» **DIRECTIONS**
Please output exactly the lines below, starting at the line that has "令运算放大器A1、A2、A3" and ending at the line that has "Adiantum pedatum Laciniatum", both included; leave out all pictures and include nothing else.

» **STUDY MATERIAL**
##########

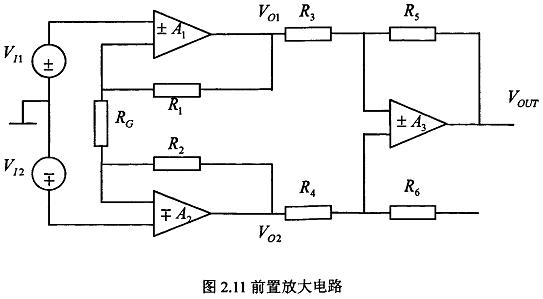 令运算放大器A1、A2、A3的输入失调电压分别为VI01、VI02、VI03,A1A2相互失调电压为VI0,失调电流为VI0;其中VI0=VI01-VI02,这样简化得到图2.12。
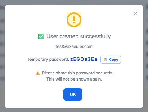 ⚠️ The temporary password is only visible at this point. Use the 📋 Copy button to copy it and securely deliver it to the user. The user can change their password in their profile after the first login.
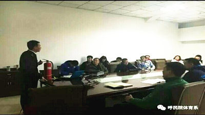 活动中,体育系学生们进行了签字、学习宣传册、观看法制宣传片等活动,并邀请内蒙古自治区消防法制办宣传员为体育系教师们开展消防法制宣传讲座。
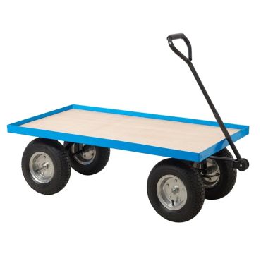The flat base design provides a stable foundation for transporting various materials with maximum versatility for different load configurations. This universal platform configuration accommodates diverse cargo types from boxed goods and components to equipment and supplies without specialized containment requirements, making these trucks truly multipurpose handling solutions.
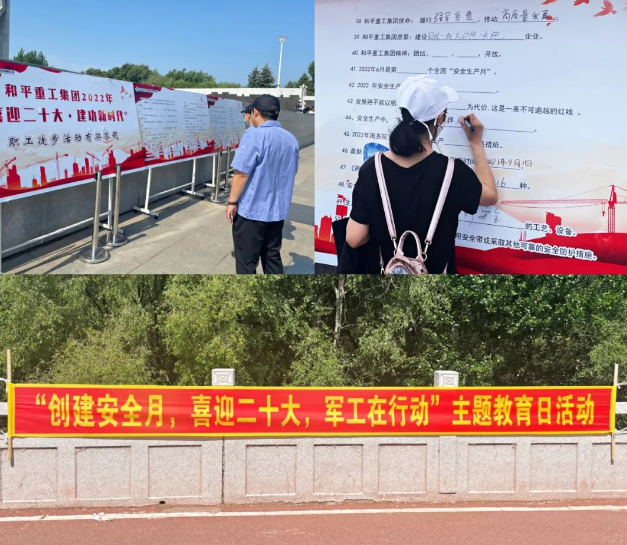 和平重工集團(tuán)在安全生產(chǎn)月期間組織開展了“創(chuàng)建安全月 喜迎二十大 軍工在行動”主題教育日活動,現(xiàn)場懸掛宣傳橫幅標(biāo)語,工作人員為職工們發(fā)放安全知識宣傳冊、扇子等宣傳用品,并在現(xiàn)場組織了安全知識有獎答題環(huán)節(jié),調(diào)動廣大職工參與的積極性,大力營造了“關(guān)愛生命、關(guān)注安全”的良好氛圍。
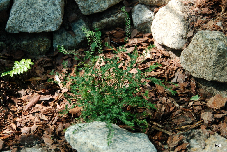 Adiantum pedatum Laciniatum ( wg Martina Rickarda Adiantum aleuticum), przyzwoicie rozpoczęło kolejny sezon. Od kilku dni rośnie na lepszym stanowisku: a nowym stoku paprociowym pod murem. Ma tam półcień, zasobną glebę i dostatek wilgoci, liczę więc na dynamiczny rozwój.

##########

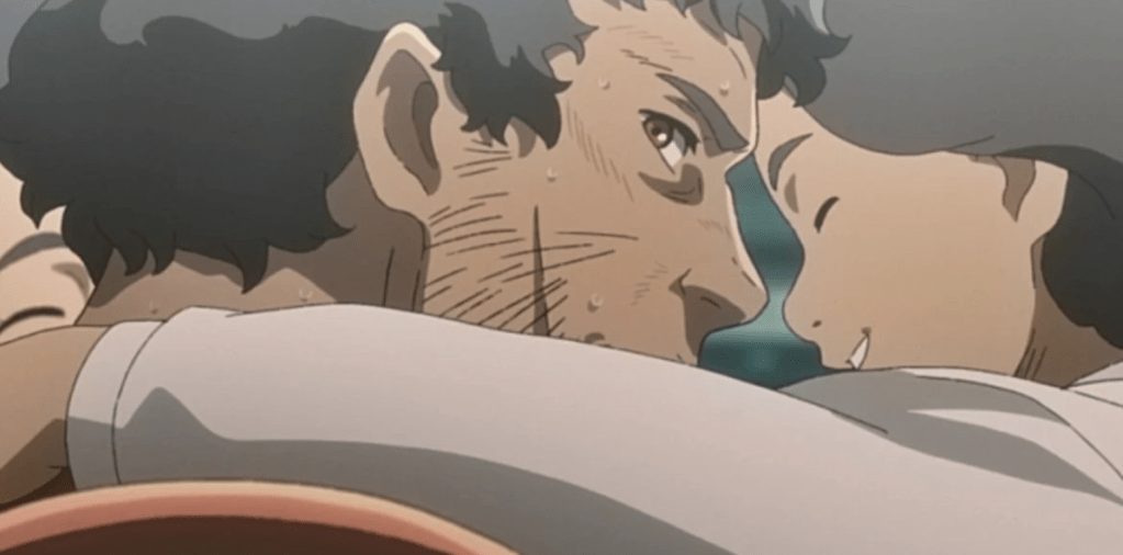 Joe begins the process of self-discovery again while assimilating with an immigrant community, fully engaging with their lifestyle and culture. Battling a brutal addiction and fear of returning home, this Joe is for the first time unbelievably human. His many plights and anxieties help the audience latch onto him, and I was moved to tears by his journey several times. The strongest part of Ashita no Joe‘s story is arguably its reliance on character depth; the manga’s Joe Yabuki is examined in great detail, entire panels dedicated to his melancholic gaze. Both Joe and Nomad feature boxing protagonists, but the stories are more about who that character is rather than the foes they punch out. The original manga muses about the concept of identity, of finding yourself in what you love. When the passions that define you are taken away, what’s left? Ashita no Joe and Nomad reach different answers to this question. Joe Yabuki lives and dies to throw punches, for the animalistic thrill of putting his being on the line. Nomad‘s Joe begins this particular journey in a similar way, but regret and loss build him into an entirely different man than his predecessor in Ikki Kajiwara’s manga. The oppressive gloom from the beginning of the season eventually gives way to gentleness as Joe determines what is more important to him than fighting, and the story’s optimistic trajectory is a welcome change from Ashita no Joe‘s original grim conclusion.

##########

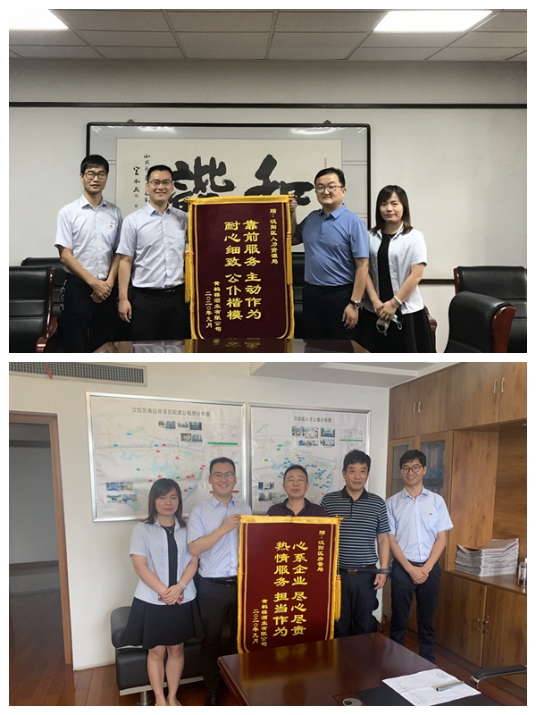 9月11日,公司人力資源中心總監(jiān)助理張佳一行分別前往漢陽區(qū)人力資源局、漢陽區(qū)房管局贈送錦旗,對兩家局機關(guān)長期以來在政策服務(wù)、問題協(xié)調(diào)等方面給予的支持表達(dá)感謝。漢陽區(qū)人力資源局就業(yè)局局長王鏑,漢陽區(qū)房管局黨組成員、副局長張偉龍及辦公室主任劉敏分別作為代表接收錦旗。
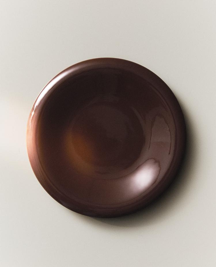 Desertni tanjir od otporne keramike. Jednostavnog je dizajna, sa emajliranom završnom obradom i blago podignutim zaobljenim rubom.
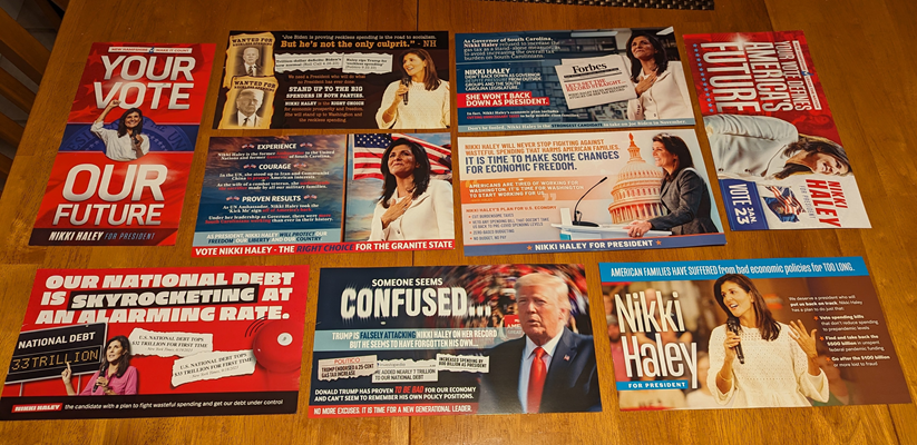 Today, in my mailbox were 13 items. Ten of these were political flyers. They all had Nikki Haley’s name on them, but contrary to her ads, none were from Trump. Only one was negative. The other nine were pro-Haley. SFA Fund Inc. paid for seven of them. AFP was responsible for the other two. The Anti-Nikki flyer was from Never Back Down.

##########

» **COMPLETED TASK**
 令运算放大器A1、A2、A3的输入失调电压分别为VI01、VI02、VI03,A1A2相互失调电压为VI0,失调电流为VI0;其中VI0=VI01-VI02,这样简化得到图2.12。
 ⚠️ The temporary password is only visible at this point. Use the 📋 Copy button to copy it and securely deliver it to the user. The user can change their password in their profile after the first login.
 活动中,体育系学生们进行了签字、学习宣传册、观看法制宣传片等活动,并邀请内蒙古自治区消防法制办宣传员为体育系教师们开展消防法制宣传讲座。
The flat base design provides a stable foundation for transporting various materials with maximum versatility for different load configurations. This universal platform configuration accommodates diverse cargo types from boxed goods and components to equipment and supplies without specialized containment requirements, making these trucks truly multipurpose handling solutions.
 和平重工集團(tuán)在安全生產(chǎn)月期間組織開展了“創(chuàng)建安全月 喜迎二十大 軍工在行動”主題教育日活動,現(xiàn)場懸掛宣傳橫幅標(biāo)語,工作人員為職工們發(fā)放安全知識宣傳冊、扇子等宣傳用品,并在現(xiàn)場組織了安全知識有獎答題環(huán)節(jié),調(diào)動廣大職工參與的積極性,大力營造了“關(guān)愛生命、關(guān)注安全”的良好氛圍。
 Adiantum pedatum Laciniatum ( wg Martina Rickarda Adiantum aleuticum), przyzwoicie rozpoczęło kolejny sezon. Od kilku dni rośnie na lepszym stanowisku: a nowym stoku paprociowym pod murem. Ma tam półcień, zasobną glebę i dostatek wilgoci, liczę więc na dynamiczny rozwój.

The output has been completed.